* _DIRECTIONS_:
Retype the listing exactly. Leave out the images.

* _GIVEN INFORMATION_:
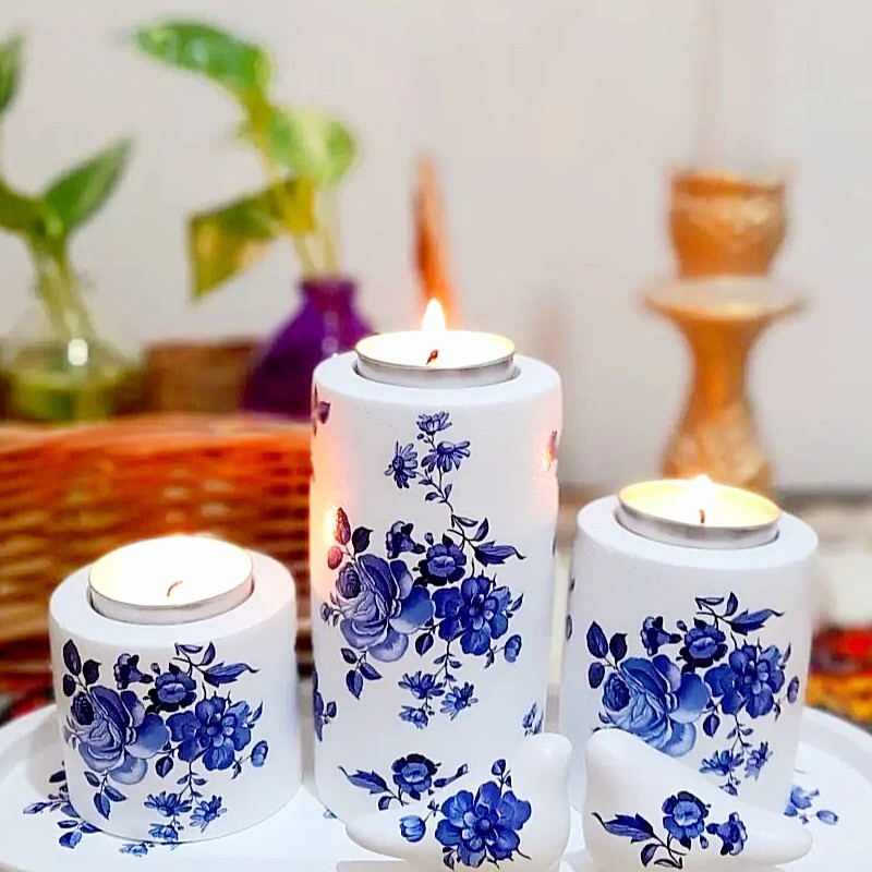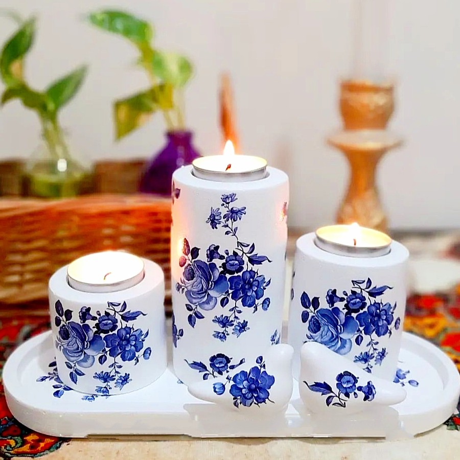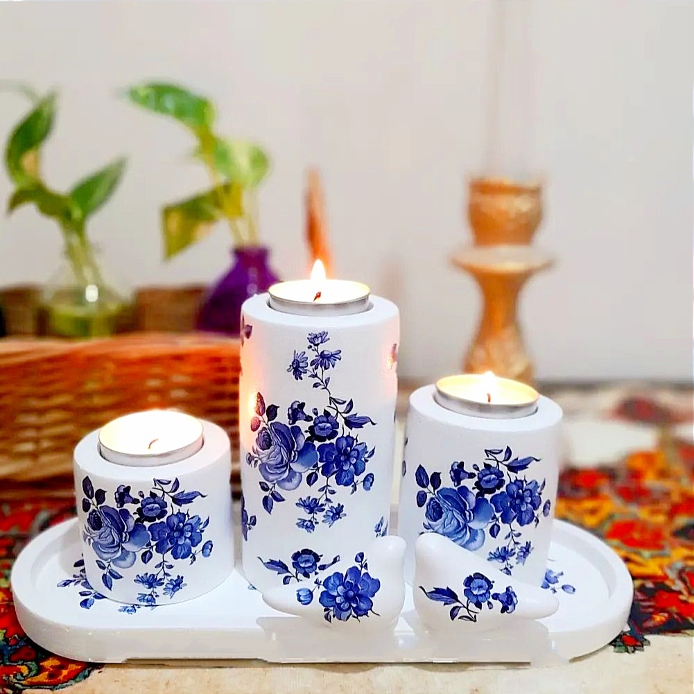 جای شمع وارمر3تیکه قلم آبی جذاب هنر آفتاب مبلمونسرا مدل 280014
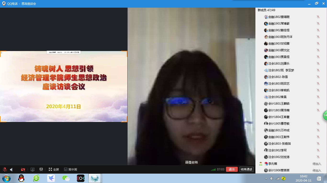 为贯彻落实《2020年高校师生思想政治状况滚动调查工作实施方案》,深入了解全院师生思想政治状况,进一步开展高校思想政治教育工作,yl88858永利中国于2020年4月11日开展2020年师生思想政治状况线上座谈访谈会议。
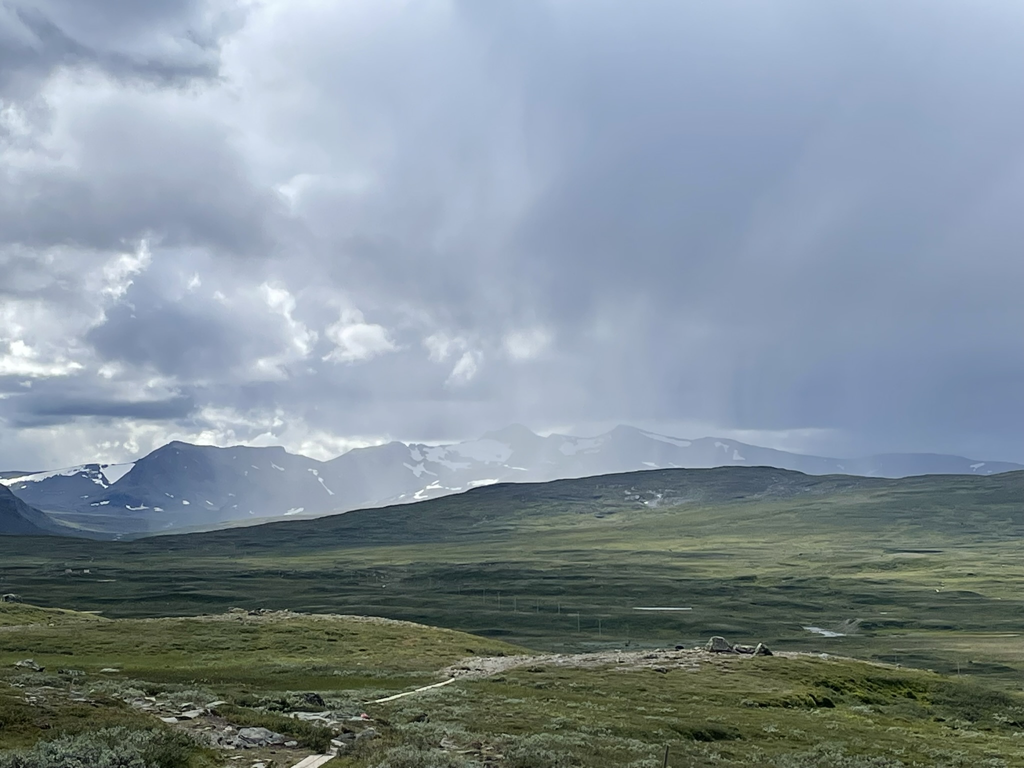 | Tourstart nach Maß: Es regnet. Nach einem steilen Anstieg ab Storulvan kommt man über die Baumgrenze und atmet das Fjäll. | |||
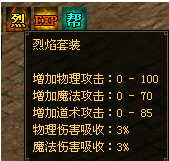 穿戴[烈焰·神剑]和[烈焰·神甲]的玩家,可获得烈焰套装隐藏属性BUFF(效果如下图)

* _REPLY_:
 جای شمع وارمر3تیکه قلم آبی جذاب هنر آفتاب مبلمونسرا مدل 280014
 为贯彻落实《2020年高校师生思想政治状况滚动调查工作实施方案》,深入了解全院师生思想政治状况,进一步开展高校思想政治教育工作,yl88858永利中国于2020年4月11日开展2020年师生思想政治状况线上座谈访谈会议。
 | Tourstart nach Maß: Es regnet. Nach einem steilen Anstieg ab Storulvan kommt man über die Baumgrenze und atmet das Fjäll. | |||
 穿戴[烈焰·神剑]和[烈焰·神甲]的玩家,可获得烈焰套装隐藏属性BUFF(效果如下图)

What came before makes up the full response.